The monitoring of citrus products with black spot disease by the European Union is of great concern, Trade and Industry Minister Rob Davies has said.
“We have tried to make a representation to them to say that there needs to be greater flexibility at this point. But they have not shown any great willingness to respond,” Davies told a briefing in Pretoria during the South Africa-European Union (SA-EU) Summit this afternoon.
A ban on these products could affect jobs in South Africa’s citrus industry, said Davies.
The citrus industry employs 40 000 permanent employees and 40 000 seasonal workers, he said.
The products with the spots on their peels were unlikely to affect the EU orchards, he added.
Meanwhile, South Africa will push for the extension of the Economic Partnership Agreements (EPAs) between the European Union and Southern African Development Community (SADC) countries.
If the EU fails to renew its preferential trade agreement with the SADC countries, the economies of our neighbouring countries would also be hurt, said Davies.
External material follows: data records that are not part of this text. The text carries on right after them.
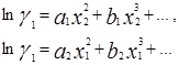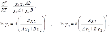Уравнение Маргулеса является наиболее старым из числа применяемых в настоящее время. Исследования Маргулеса были выполнены еще до того, как были сформулированы такие понятия, как фугитивность и коэффициенты активности, однако в сущности его предложения сводятся к представлению lnγ1 и lnγ2 в виде степенных рядов по составу:
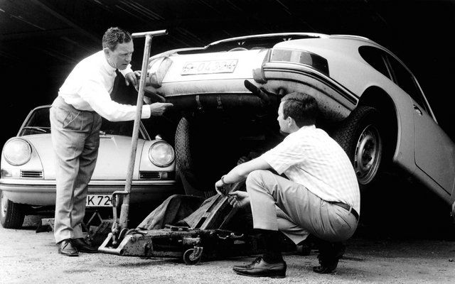 Ferry Porsche- left- worked with his son Ferdinand Alexander on the development of the future 911.
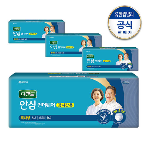 [디펜드] 안심 언더웨어 장시간용 요실금 팬티형 남녀공용 성인기저귀 특대형 14매x4팩
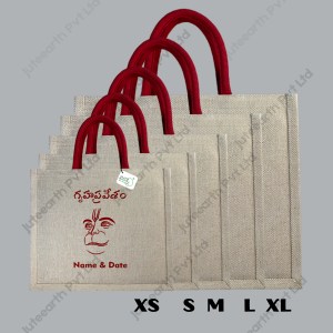Jute Cotton (JuCo) Bag for Housewarming Return Gift in Balaji Shanka – Chakra Theme – with Handle Color Options-Landsape Bag

He said the biggest issue for South Africa was obtaining access for its agricultural and agroprocessing products.
This included 33 agricultural products it was negotiating for.
Davies said the negotiations were continuing, but that there were still outstanding issues of “give and take”.
The EPAs expire in October next year when the term of the current EU leaders expires.
Tomorrow’s SA-EU business forum will be attended by almost 200 businesses from both markets.